Drug Profile Summary
- Mechanism of Action: Nucleoside/Nucleotide Reverse Transcriptase Inhibitor (NRTI) that inhibits HIV-1 reverse transcriptase and HBV polymerase, preventing viral replication.
- Side Effects: Nausea, vomiting, diarrhea, headache, fatigue, rash, renal impairment, lactic acidosis, decreased bone mineral density.
- Contraindications: Hypersensitivity.
- Drug Interactions: Nephrotoxic drugs, drugs that reduce renal function, didanosine.
- Pregnancy & Breastfeeding: Category B, monitor for fetal growth restriction; breastfeeding not recommended.
- Dosage: Adults and children ≥35kg: 300 mg once daily; children 2-12 years <35 kg: 8mg/kg daily. Renal impairment: dose adjustment based on creatinine clearance.
- Monitoring Parameters: Renal function (creatinine clearance, serum creatinine, phosphorus), liver function tests, HBV DNA levels (for HBV), HIV RNA levels (for HIV), bone mineral density.
Popular Combinations
- Emtricitabine/Tenofovir disoproxil fumarate (Truvada): For HIV PrEP and treatment.

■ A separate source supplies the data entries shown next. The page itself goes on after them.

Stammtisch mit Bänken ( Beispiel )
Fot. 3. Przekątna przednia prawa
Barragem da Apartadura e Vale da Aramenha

- Other antiretrovirals: Various combinations are used in the treatment of HIV infection.
Precautions
- Renal function should be assessed prior to initiation and monitored during therapy, especially in patients with risk factors for renal impairment.
- Patients co-infected with HIV-1 and HBV should be closely monitored for signs of HBV exacerbation upon discontinuation of tenofovir.

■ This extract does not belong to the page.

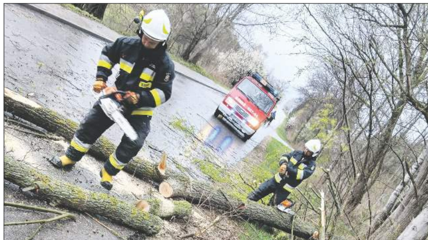
☛ Silne nawałnice, które w ostatnich dniach przeszły przez powiat rycki powaliły i połamały wiele drzew, upadając na drogi stwarzały niebezpieczeństwo dla kierowców

Niebezpiecznie było przy jednej z linii energetycznych. Zerwany przewód spadł na ogrodzenie, a jedna osoba została porażona prądem i trafiła do szpitala. Strażacy interweniowali także przy zerwanej linii uszkodzonej przez drzewo oraz przy drzewach grożących kolejnymi awariami.
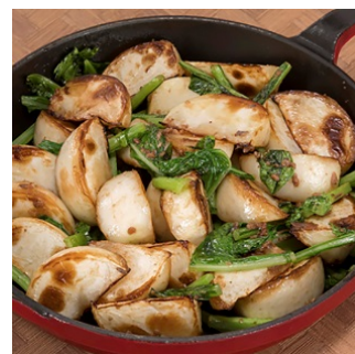
秋蕪のアンチョビ炒め

- Monitor for bone loss and mineralization defects.
- Monitor for lactic acidosis and severe hepatomegaly with steatosis, particularly in patients with risk factors (e.g., female, obese, long-term antiviral therapy).
- Assess for drug interactions and adjust medications accordingly.

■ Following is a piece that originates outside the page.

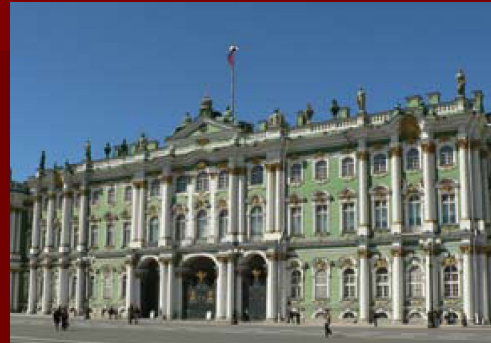
Эрмита́ж в Санкт-Петербурге
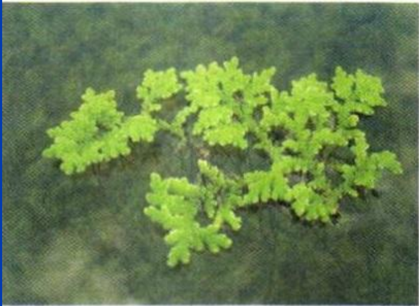
Водный папоротник азолла

- Pregnant Women: Assess risks and benefits carefully. Consider alternative treatments.
- Breastfeeding Mothers: Not recommended due to risk of transmission to infant.
- Children & Elderly: Monitor renal function and adjust dosage as needed.
FAQs (Frequently Asked Questions)
Q1: What is the recommended dosage for Tenofovir disoproxil fumarate?
A: For adults and children weighing ≥35 kg, the recommended dose is 300 mg once daily with food. For children 2-12 years weighing less than 35 kg, the dose is 8mg/kg (up to a maximum of 300 mg) daily. Dosage adjustments are needed for patients with renal impairment.
Q2: What are the most serious side effects of Tenofovir disoproxil fumarate?
A: The most serious side effects are lactic acidosis, severe hepatomegaly with steatosis, renal impairment (including Fanconi syndrome), and decreased bone mineral density.
Q3: Can Tenofovir disoproxil fumarate be used during pregnancy?
A: It can be used during pregnancy if clearly needed, but there are potential risks such as fetal growth restriction and preterm birth. Close monitoring is required.
Q4: Is it safe to breastfeed while taking Tenofovir disoproxil fumarate?
A: Breastfeeding is not generally recommended due to potential for HIV transmission.
Q5: How does renal impairment affect Tenofovir disoproxil fumarate dosage?
A: Dosage adjustments are necessary for patients with renal impairment based on their creatinine clearance. Refer to the dosage section for specifics.
Q6: What are the common drug interactions with Tenofovir disoproxil fumarate?
A: Important drug interactions include nephrotoxic agents (e.g., cidofovir, aminoglycosides), drugs affecting renal function, and didanosine.
Q7: Does Tenofovir disoproxil fumarate cure HIV or HBV?
A: No, it does not cure HIV or HBV. It helps control the virus but does not eliminate it from the body.
Q8: What should patients be monitored for while taking Tenofovir disoproxil fumarate?
A: Patients should be monitored for renal function, liver function, signs of lactic acidosis, bone mineral density changes, and HBV/HIV viral load.
Q9: Can Tenofovir disoproxil fumarate be taken with food?
A: Yes, it should be taken with food to enhance absorption.
Q10: What should a patient do if they miss a dose of Tenofovir disoproxil fumarate?
A: They should take the missed dose as soon as they remember. However, if it is close to the time for their next dose, they should skip the missed dose and take the next dose as scheduled. They should not take a double dose.